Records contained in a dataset

....

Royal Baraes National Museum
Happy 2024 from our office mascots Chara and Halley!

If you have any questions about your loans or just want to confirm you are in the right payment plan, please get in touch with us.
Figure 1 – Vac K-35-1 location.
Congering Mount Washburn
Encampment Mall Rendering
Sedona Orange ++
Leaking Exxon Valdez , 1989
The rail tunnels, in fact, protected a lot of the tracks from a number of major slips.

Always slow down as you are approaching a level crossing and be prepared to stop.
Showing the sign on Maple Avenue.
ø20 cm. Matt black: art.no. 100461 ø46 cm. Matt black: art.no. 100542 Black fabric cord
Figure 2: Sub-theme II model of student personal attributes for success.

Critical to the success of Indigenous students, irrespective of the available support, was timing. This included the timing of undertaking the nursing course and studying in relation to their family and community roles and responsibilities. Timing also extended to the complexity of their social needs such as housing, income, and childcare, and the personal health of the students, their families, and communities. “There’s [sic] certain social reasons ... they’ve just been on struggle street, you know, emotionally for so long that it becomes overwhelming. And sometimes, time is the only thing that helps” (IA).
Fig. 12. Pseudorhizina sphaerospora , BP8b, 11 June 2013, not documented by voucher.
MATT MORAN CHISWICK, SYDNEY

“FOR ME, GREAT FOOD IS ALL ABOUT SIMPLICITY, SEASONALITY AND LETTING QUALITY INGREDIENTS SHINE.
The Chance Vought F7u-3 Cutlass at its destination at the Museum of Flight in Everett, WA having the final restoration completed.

....

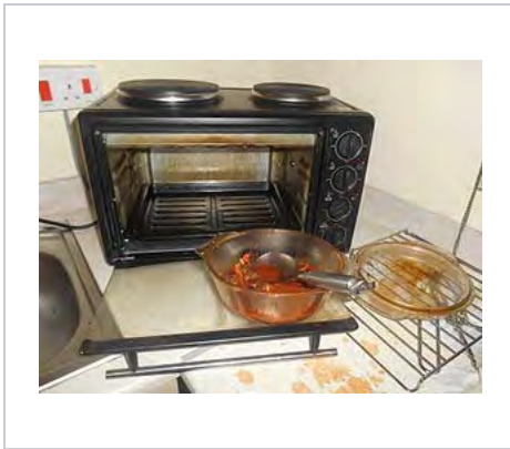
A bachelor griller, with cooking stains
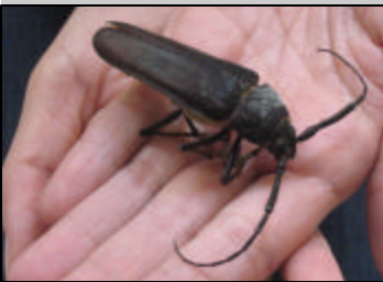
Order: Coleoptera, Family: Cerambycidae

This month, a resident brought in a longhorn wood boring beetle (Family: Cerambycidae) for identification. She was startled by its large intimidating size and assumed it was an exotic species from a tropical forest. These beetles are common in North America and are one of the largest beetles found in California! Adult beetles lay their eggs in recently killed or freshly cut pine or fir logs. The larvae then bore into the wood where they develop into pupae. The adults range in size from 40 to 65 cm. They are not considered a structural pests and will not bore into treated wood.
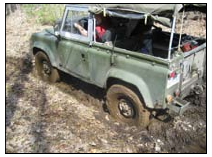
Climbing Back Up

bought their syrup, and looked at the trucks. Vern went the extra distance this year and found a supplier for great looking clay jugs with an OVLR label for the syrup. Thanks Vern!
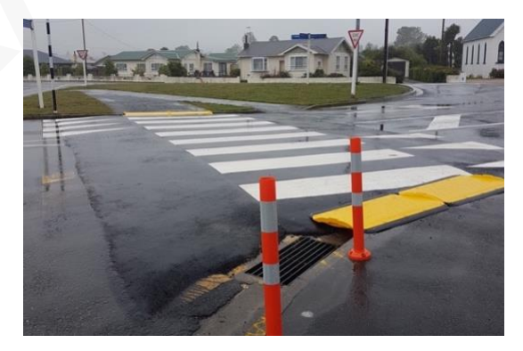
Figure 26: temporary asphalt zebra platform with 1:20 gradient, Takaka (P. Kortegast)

....

- TASK REQUIREMENTS
There is a line with "Happy 2024 from" and a line with "The Chance Vought" above. Copy exactly those two lines and all lines between them, with nothing else.

- RESULT OF THIS TASK
Happy 2024 from our office mascots Chara and Halley!

If you have any questions about your loans or just want to confirm you are in the right payment plan, please get in touch with us.
Figure 1 – Vac K-35-1 location.
Congering Mount Washburn
Encampment Mall Rendering
Sedona Orange ++
Leaking Exxon Valdez , 1989
The rail tunnels, in fact, protected a lot of the tracks from a number of major slips.

Always slow down as you are approaching a level crossing and be prepared to stop.
Showing the sign on Maple Avenue.
ø20 cm. Matt black: art.no. 100461 ø46 cm. Matt black: art.no. 100542 Black fabric cord
Figure 2: Sub-theme II model of student personal attributes for success.

Critical to the success of Indigenous students, irrespective of the available support, was timing. This included the timing of undertaking the nursing course and studying in relation to their family and community roles and responsibilities. Timing also extended to the complexity of their social needs such as housing, income, and childcare, and the personal health of the students, their families, and communities. “There’s [sic] certain social reasons ... they’ve just been on struggle street, you know, emotionally for so long that it becomes overwhelming. And sometimes, time is the only thing that helps” (IA).
Fig. 12. Pseudorhizina sphaerospora , BP8b, 11 June 2013, not documented by voucher.
MATT MORAN CHISWICK, SYDNEY

“FOR ME, GREAT FOOD IS ALL ABOUT SIMPLICITY, SEASONALITY AND LETTING QUALITY INGREDIENTS SHINE.
The Chance Vought F7u-3 Cutlass at its destination at the Museum of Flight in Everett, WA having the final restoration completed.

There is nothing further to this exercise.